With my BMW S1000R barely a year old yet, she said, "What are you going to buy, so we can go two-up?" I was like, "Huh?" Her assumption was that I'd sell my Dark Knight for a couples bike. Okay, I'm game. Let's go shopping.
Folks, I tried, I really tried. Fortunately, I had a partner in crime, good friend and riding buddy Kenny B., whose faithful H-D Road King had seen too many roads. His bike was up for sale and he was ready to buy new. So we shopped. We looked at EVERYTHING, from every manufacturer. For 4 weeks, every chance we got, we looked, rode and touched everything on the market. Some were good, some not so. We really like what Triumph has been doing, with their stylish, smaller bikes. Ken is no giant and, as he enters the later stage of his riding career, he knew a smaller bike was his answer. Me, I seemed to be going in the wrong direction.
I rode bigger and bigger bikes, in the hopes of finding 2-wheeled marital bliss. Finally, after our second test ride two-up, on a behemoth BMW Mottarad K1600 GT, perhaps the zenith of all things motorcycle touring, I announced "Not doing it". See, it is easy to put myself in harm's way, ride like an idiot, and suppress my fears of my wife getting hurt riding her own bike. It is quite another for me to take on all of the responsibility for her safety, as we get older and more brittle. With what BMW is asking for that lovely appliance, I thought, "Hell, I can get a new Miata for that!"
Last fall, Ms. Rocket and I took a test drive in a new 2016 MX-5 Miata. We loved it. It has motorcycle-like acceleration, great, quick handling and a sporty exhaust note. I knew I wanted a loaded Grand Tour, with all the buttons and bells, but wasn't in any hurry to make a purchase, and leave my daily driver out in the snow and ice. The salesman was in tune with me, got it, and didn't push. Who the hell buys a new Miata at the end of the year?
But he stayed in touch, as they do, with emails about all the other cars I don't give a rat's ass about. Mazda Vans and 3's. Cute, but not for me. And then one day an email mentioned a special 2017 car they had, a Launch Edition MX-5 RF. If you don't know this car, it is the Retractable Fastback, new for 2017. While Mazda had success with the hardtop convertible in the past, this was a new design, revolutionary really, that caught the automotive press unprepared and clamoring.

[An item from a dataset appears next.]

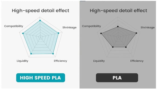 High-speed PLA is an evolution of the traditional PLA filament, designed to optimize performance when used with high-speed 3D printers. High-speed PLA has been engineered with modified polymer blends that offer faster curing times and enhanced layer adhesion, allowing for smoother prints at higher speeds [55]. This material often incorporates additives that improve its flowability and reduce cooling times, which are essential for high-speed printing processes. The improvements in high-speed PLA make it a viable option for rapid prototyping, where time to market is a critical factor. While it retains most of the benefits of traditional PLA, such as low environmental impact due to its biodegradability, it also addresses the need for faster production cycles in applications that do not require extreme heat resistance or mechanical strength [56]. High-speed PLA finds extensive use in industries where rapid prototyping, low-cost production, and detail precision are paramount, such as consumer goods, educational tools, and decorative items. Figure 3 depicts the differences in exhibited properties of regular and high-speed PLA when subjected to high printing speeds, as presented by the well-known 3D printing raw material manufacturer SUNLU [57].

The deal with the Launch Edition (according to the Mazda people), you had to have owned at least 2 Miatas in order to qualify for ordering 1 of 1,000 units being delivered to the US Market. How was this dealer selling one at all? They sold out in like 14 minutes.

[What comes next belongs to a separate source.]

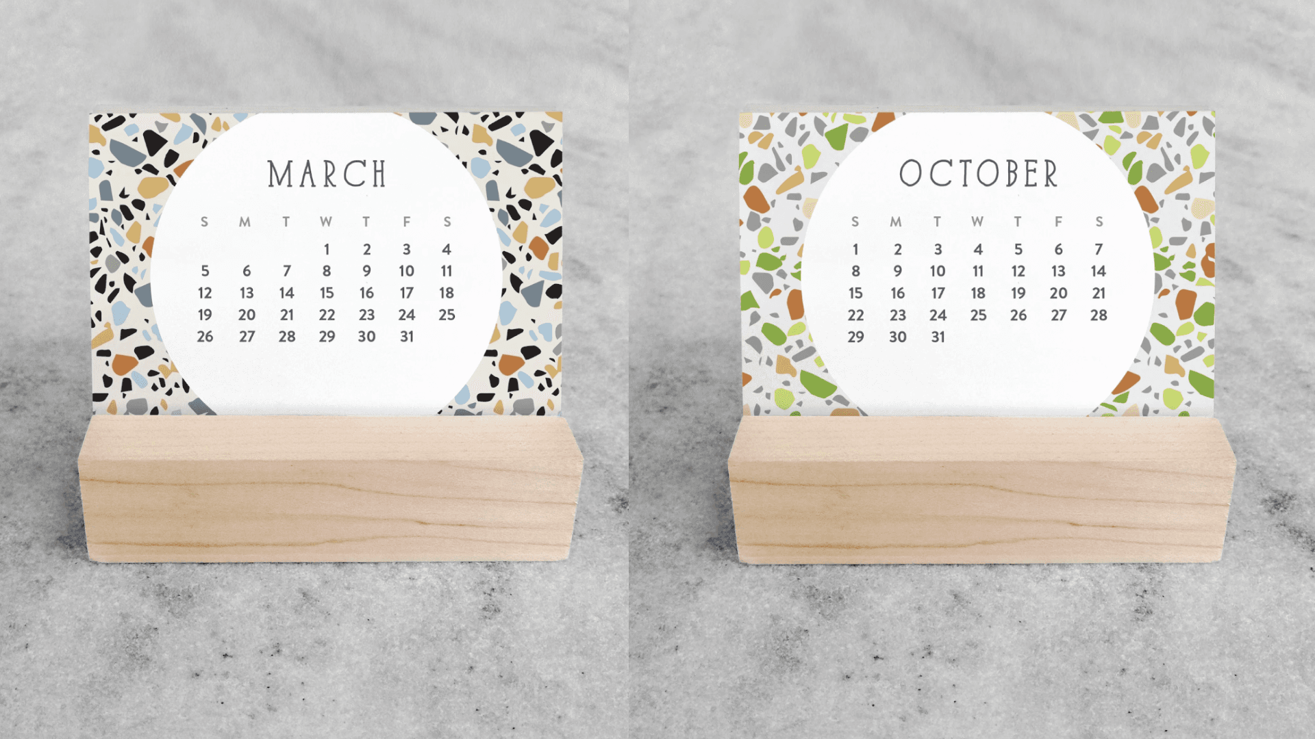This handmade option is covered in trendy terrazzo-inspired prints. Each monthly card is made of sturdy cardstock. Plus, it comes with a maple wood stand — but if you already have a stand you know and love you can opt to just purchase the cards. Coming in at 3.5 inches by 2.5 inches, it’s equally as practical for small spaces as it is cute. ($10+, FavoriteStory via Etsy)

Seems that these cars arrived early, in the dead of winter and, like so many of us, there was no room at the inn, for this particular buyer. We traveled an hour to see it in person and fell in love. The cost was more for the hardtop, there was no wiggle room, and I knew that this was a serendipitous moment. After thinking about it for a whole 4 hours, we pulled the trigger.

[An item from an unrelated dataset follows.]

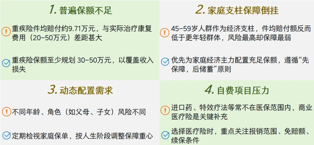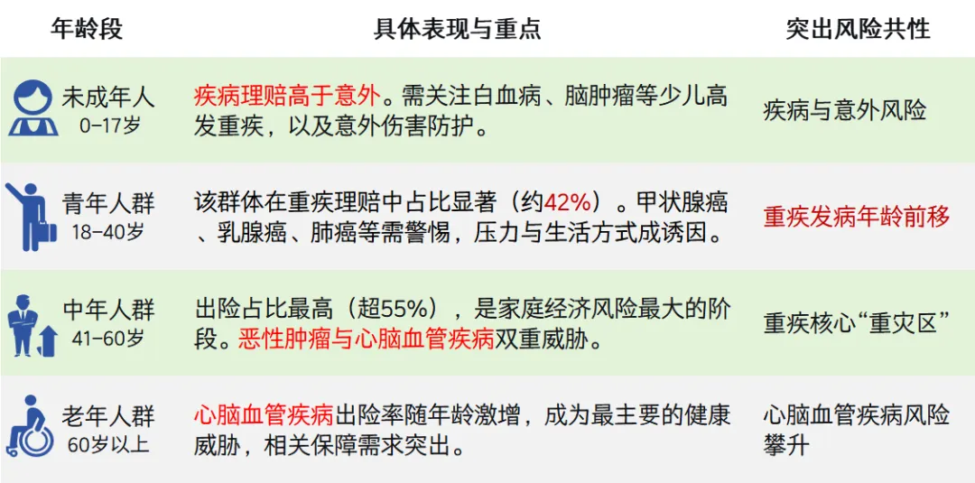 理赔数据清晰刻画了不同人生阶段的突出风险,保障需因人而异。

So, I have another toy, one that we can romance into the sunset together in. Our weekends will soon be booked with romantic getaways, as far down some twisty roads as we can get. Perhaps her most endearing quality, after her warm heart, is her willingness for a good road trip. My traveling companion now can ride in comfort, safely wrapped in terracotta-colored Napa leather.
If you see a crusty old fart, driving down the road with a gal who looks too pretty for him, say hello to us. Or, if you prefer, just drop us...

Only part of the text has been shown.